Why do we have seasons on Earth? The planet’s axial tilt, of course. But the tilt does more than just push us from spring, to summer, to fall, to winter. It’s also an important stabilizing force for our atmosphere—without which life on Earth would be almost assuredly impossible. And so it stands to reason that tilt might play an important role in fostering life on other worlds as well. That brings us to some new findings, published in The Astronomical Journal, that suggest a pair of potentially habitable exoplanets possess stable tilts, which bolster the chances they are more Earth-like than we imagined.

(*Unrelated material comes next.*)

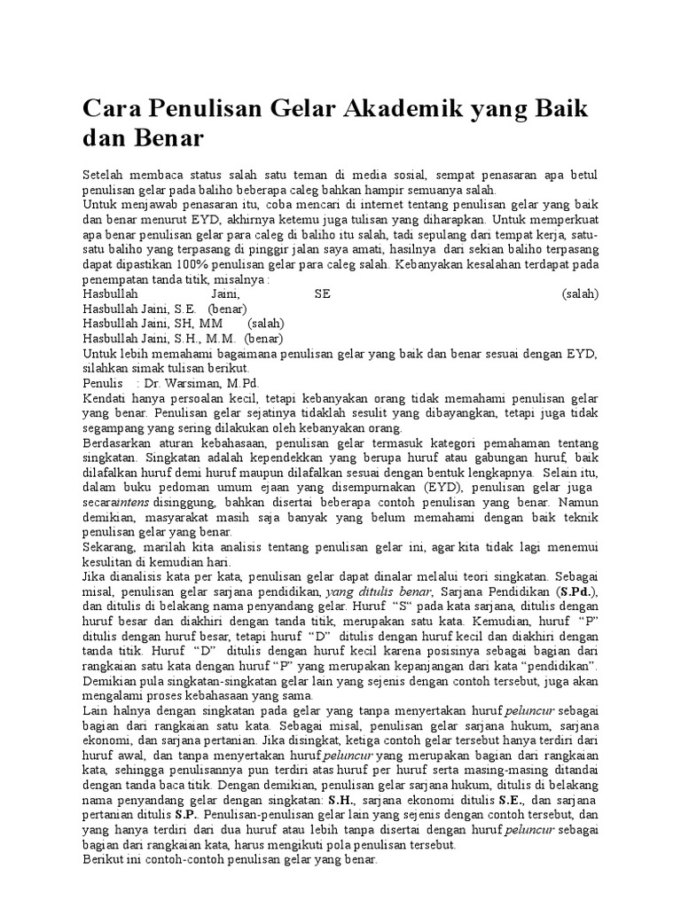 Contoh penulisan gelar yang benar. Bukan hanya itu jika menilik ke dalam ejaan yang disempurnakan. Pada intinya penulisan gelar yang benar berfokus pada penempatan tanda titik dan koma. Penulisan yang benar adalah setelah nama penyandang gelar dibubuhkan tanda koma kemudian diikuti gelar yang pertama ditulis dengan teknik penulisan yang benar lalu dibubuhkan tanda koma untuk penulisan gelar yang kedua dan seterusnya jika ada gelar gelar yang lain. Penulisan gelar doktor di indonesia sama halnya dengan penulisan gelar gelar yang lainnya. Penulisan gelar masih satu kelompok dengan pemahaman dalam penulisan singkatan. Singkatan sendiri adalah kependekan yang berbentuk huruf atau beberapa huruf yang dilafalkan huruf untuk huruf atau juga dilafalkan sesuai bentuk komplitnya.

Those planets are Kepler-186f and Kepler-62f, 550 and 990 light years from Earth, respectively. The former, whose discovery was first announced in 2014, was actually the first Earth-sized exoplanet found in the habitable zone of its star; the latter has a mass 2.8 times that of Earth (making a super-Earth). “It was already known that these two exoplanets are likely rocky, and they reside in the habitable region, where liquid water could exist on the surface of the planets,” says study author Gongjie Li, an assistant professor at Georgia Tech. “We are seeking to constrain the habitability of these planets further, to know better how likely these two planets could host life.”

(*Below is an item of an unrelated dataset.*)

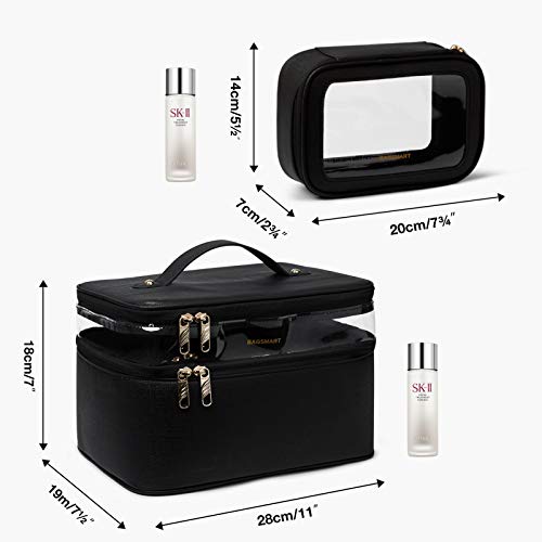 BAGSMART Makeup Bag Set, Roomy Cosmetic Case Plus a TSA Approved Transparent Clear Toiletry Bag,Portable Artist Storage…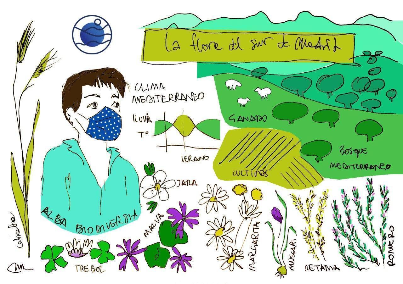Una de las participantes del paseo, Marianna Papapietro, arquitecta y miembro de numerosas iniciativas ciudadanas, como Surcos urbanos o Madrid Agroecológico, e integrante del equipo de dinamizadores del laboratorio, tuvo incluso tiempo de dibujar a Alba durante el paseo ( imagen que da pie a este post)

Spin axis essentially determines how the heat and radiation emanating from a star gets distributed when it reaches that planet. Some axes will allow for this distribution to be relatively mild, while others might cause more extreme environments to arise. In addition, a planet’s tilt will sometimes oscillate back and forth, and larger oscillations on the axis could cause bigger variations in how this stellar radiation spreads, affecting the atmosphere circulation and the climate of the planet. “It is not known in detail how the spin axis variations and the climate really influences the existence of life in general—robust life forms could exist in extreme environments, too—but a stable environment could be a good way to start,” says Li. For instance, it’s thought that axial tilt is one reason Mars, despite being in the habitable zone of our solar system, lost a thick atmosphere and went from being a warm, watery world to a cold, dry hellscape within the last four billion years. The axial tilt of the red planet has varied wildly from zero to 60 degrees, and that instability means an inability to maintain a proper hold on its atmosphere. Earth’s axis, on the other hand, only oscillates between 22.1 and 24.5 degrees, roughly every 10,000 years, which is why the blue planet has been so good to life for so long. Li’s co-author, Yutong Shan from the Harvard-Smithsonian Center for Astrophysics, does point out that “Earth’s axial angle would also have been more unstable if it didn’t have such a large moon which, at least in this case, has a stabilizing effect.”

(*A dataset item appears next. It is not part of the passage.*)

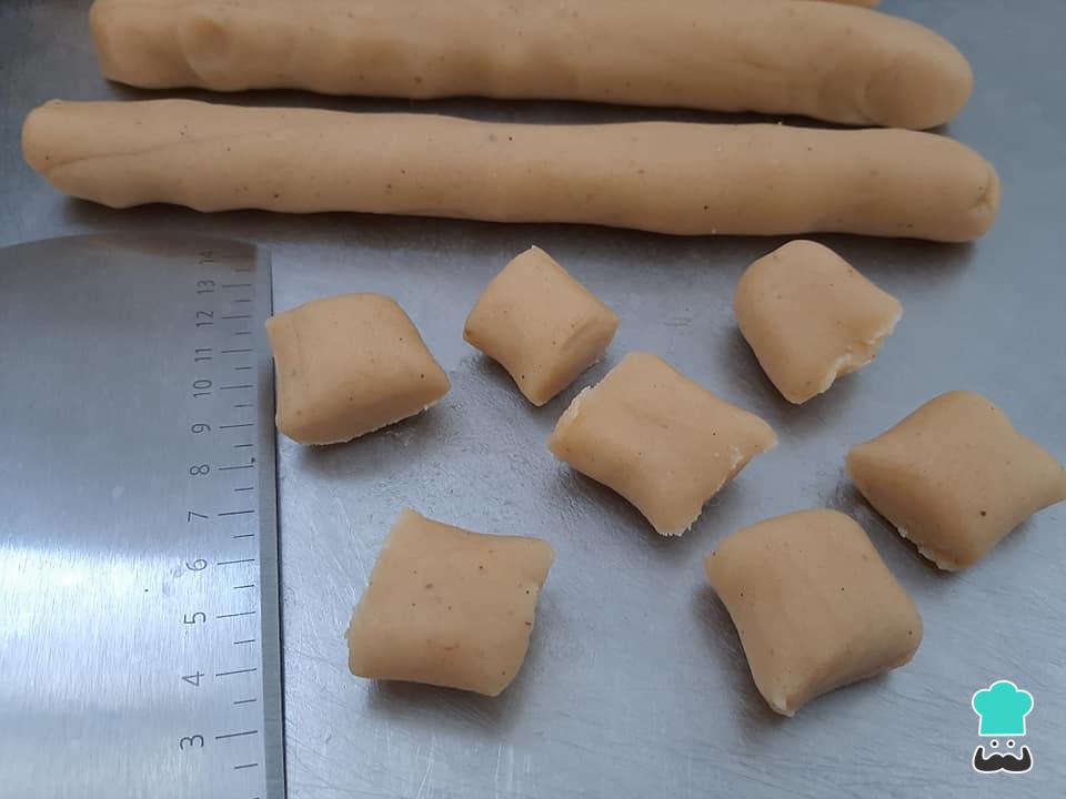 Forme rolos com a massa e, em seguida, corte pedacinhos de tamanhos iguais, como mostra a foto.

Kepler-62f and Kepler-186f were of particular interest because they exist farther from their host stars than Earth or Mars do. “Also importantly,” says Shan, “spin axis dynamics is richest in multi-planet systems because spin axis variability result from gravitational interactions between planets. Both 62f and 186f are in five-planet systems, and we understand the properties of the other planets pretty well because they all transit their star.”

After making calculations, the pair ran some simulations based on the numbers they had, and found that the spin axes for both planets are pretty stable, despite both lacking their own moons. In spite of having quite a few neighboring exoplanets to contend with in their respective star systems, they aren’t faced with gravitational effects that would destabilize their axes. “That’s good news to the kind of lifeforms whose emergence and survival rest on the long-term stability of their home planets,” says Shan.
Li believes this type of dynamical analysis of spin axis “can be easily applied to other exoplanetary systems,” and could go a long way in helping to bolster or reject suspicions of habitability for other worlds.

“I think the exciting to take away,” says Eric Agol, an astronomer at the University of Washington who first discovered Kepler-62f, “is that these type of dynamical studies can be connected to real systems. Now we actually have possible prospects to characterize [multi-]planetary systems like this. A lot of times that’s a problem doing theoretical work—with so many parameters to take into account, it isn’t always clear which targets have the most promise [for habitability] and which don’t.”
Lisa Kaltenegger, director of the Carl Sagan Institute at Cornell and part of the Kepler-62f (and 62e) discovery team, thinks the findings are part of a lively discussion on the role of axial tilt on exoplanet habitability, but she does emphasize, “life that develops on other worlds… should be able to develop for any axis tilt. Life would probably have evolved differently if Earth had had a different axis tilt, but no one knows if the differences would have been substantial or if we would just live in different parts of our own world.”